_Dataset section:_
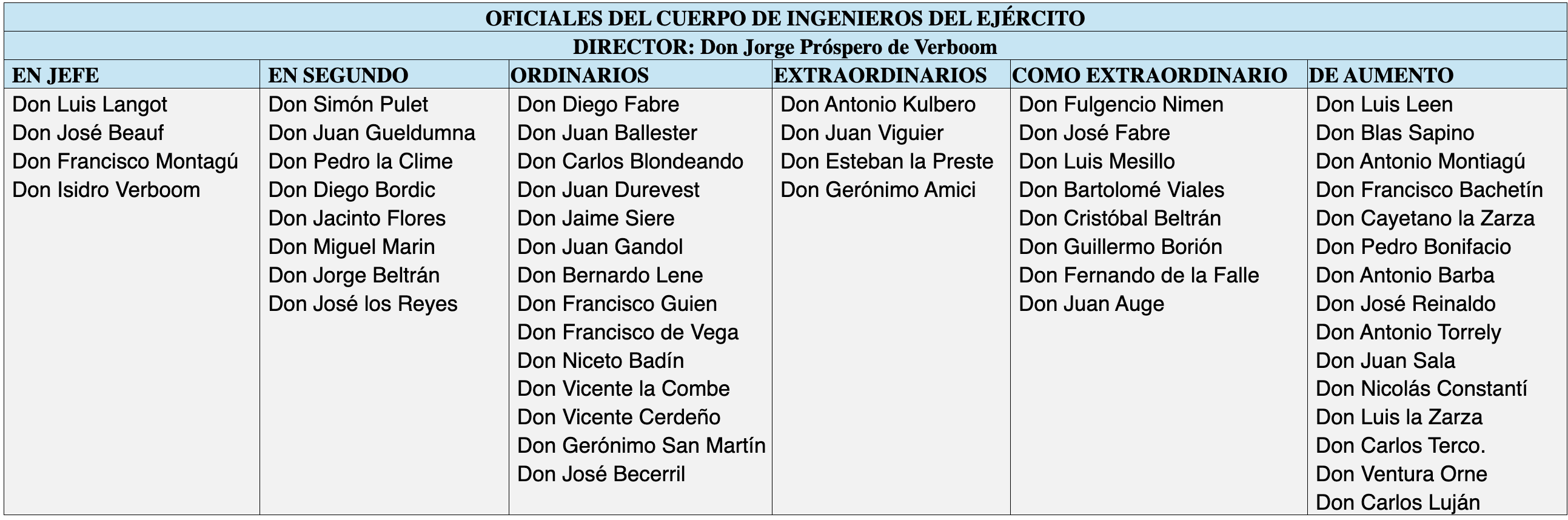 El Ingeniero General don Jorge Próspero de Verboom fue nombrado Jefe de Ingenieros y Cuartel Maestre del ejército expedicionario, al mando de 53 oficiales del Real Cuerpo de Ingenieros.
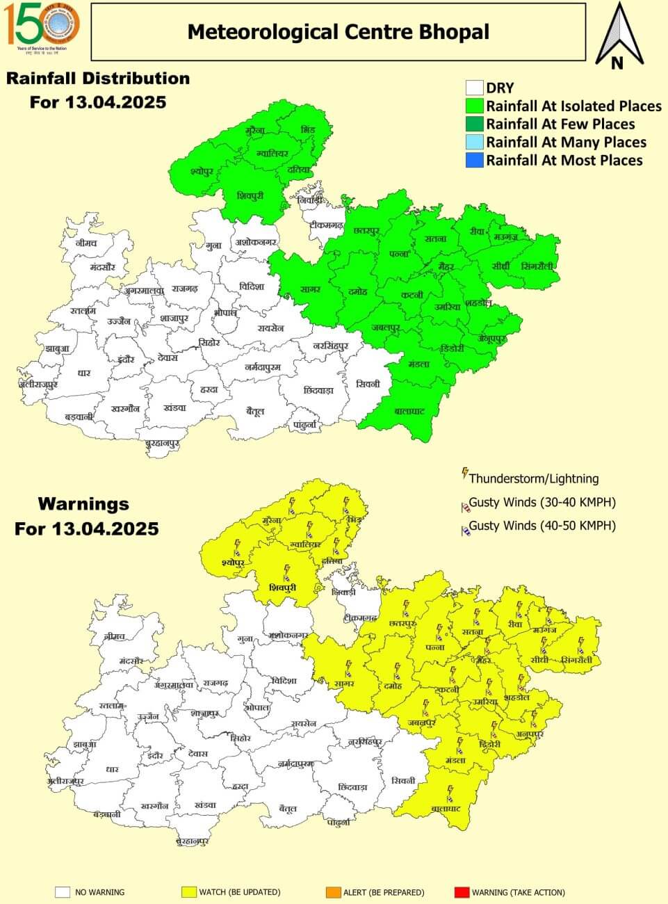 जबलपुर, ग्वालियर, दतिया, भिंड, मुरैना, श्योपुर, शिवपुरी, सागर, सतना, दमोह, छतरपुर, पन्ना, कटनी, जबलपुर, मैहर, उमरिया, मंडला, डिंडौरी, शहडोल, अनूपपुर, बालाघाट, रीवा, मऊगंज, सीधी और सिंगरौली जिले में गरज-चमक के साथ बारिश, आंधी और बिजली चमकने का अलर्ट।
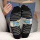 I love these Mona Lisa Christmas Socks! They are soft and very comfortable. The print looks great, on all sides including the most stretched area around my calf.

_Directions:_ Give the listing above again in its entirety and exactly; do not include the pictures.

_Answer:_
 El Ingeniero General don Jorge Próspero de Verboom fue nombrado Jefe de Ingenieros y Cuartel Maestre del ejército expedicionario, al mando de 53 oficiales del Real Cuerpo de Ingenieros.
 जबलपुर, ग्वालियर, दतिया, भिंड, मुरैना, श्योपुर, शिवपुरी, सागर, सतना, दमोह, छतरपुर, पन्ना, कटनी, जबलपुर, मैहर, उमरिया, मंडला, डिंडौरी, शहडोल, अनूपपुर, बालाघाट, रीवा, मऊगंज, सीधी और सिंगरौली जिले में गरज-चमक के साथ बारिश, आंधी और बिजली चमकने का अलर्ट।
 I love these Mona Lisa Christmas Socks! They are soft and very comfortable. The print looks great, on all sides including the most stretched area around my calf.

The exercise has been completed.